Вырвич заверил, что профессор в Вильне и в кустах его точно нет, и снова начал возмущаться. Но его никто не слушал. Даже саблю отобрали, хорошо, что не связали, как сноп.
В имение Агалинских, к Прантишеву удовольствию, банде Ватмана попасть так же легко, как ему с пани Саломеей, не удалось. Слуги, очевидно, получили соответствующий приказ. Даже из пушек пару раз выстрелили. Правда, ранили многострадальную белорусскую землю, которую ранами не удивить, а наемники Ватмана выстрелов не боялись.
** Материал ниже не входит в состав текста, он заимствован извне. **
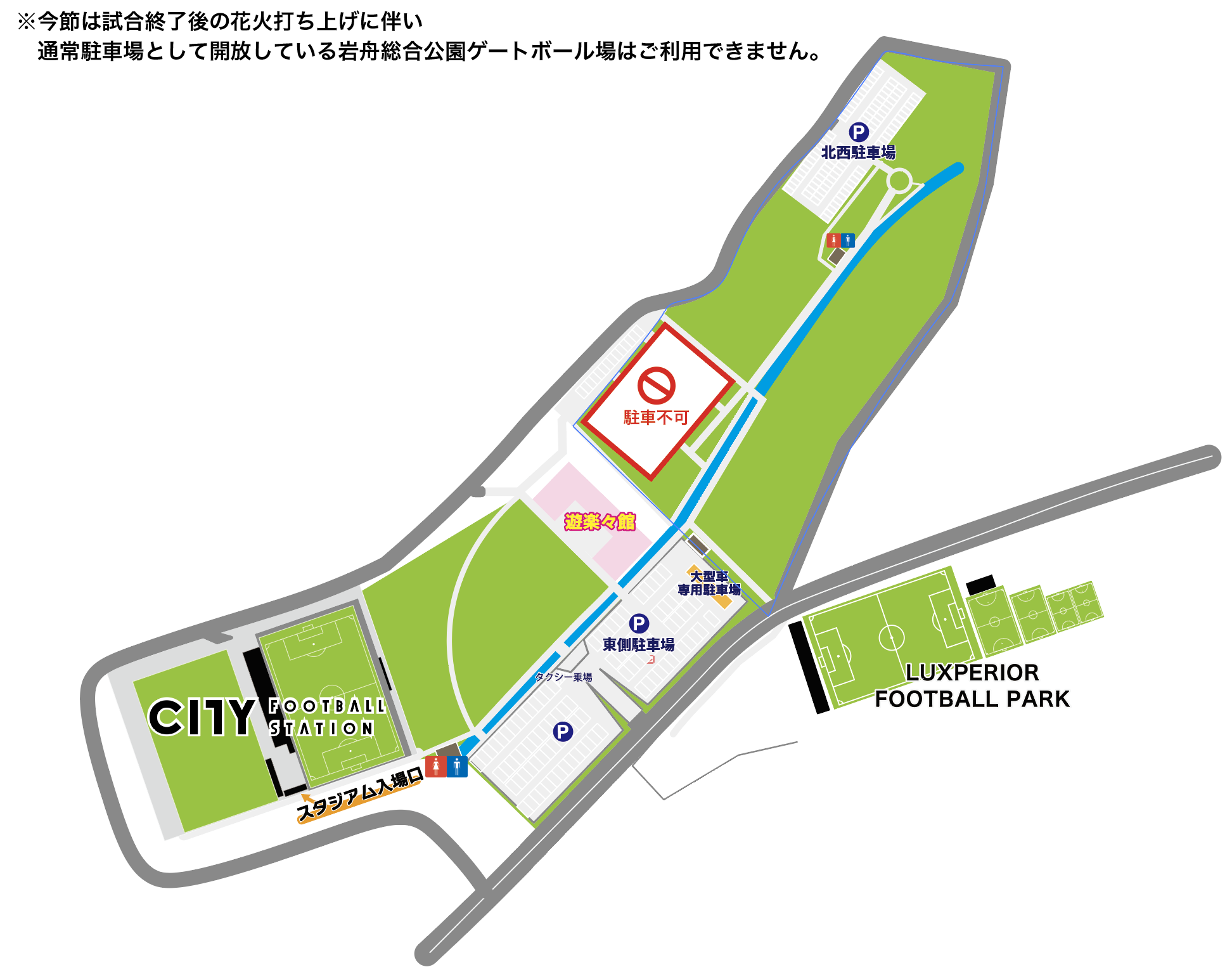 ※LUXPERIOR FOOTBALL PARK駐車場から遊楽々館の駐車場まで車道を歩いての通行は大変危険ですので、上記の地図の道を通りCFSの方へお越しください。

Но каждое мгновение приближало Полонейку к свободе!
Ватман время от времени призывал пана Гервасия выдать панну Богинскую ее брату, но ответа, естественно, никакого не получал.
Солнце все ниже клонилось к лесу. За это время можно было отъехать довольно далеко. Теперь Прантиш был почти уверен, что Полонейка в безопасности.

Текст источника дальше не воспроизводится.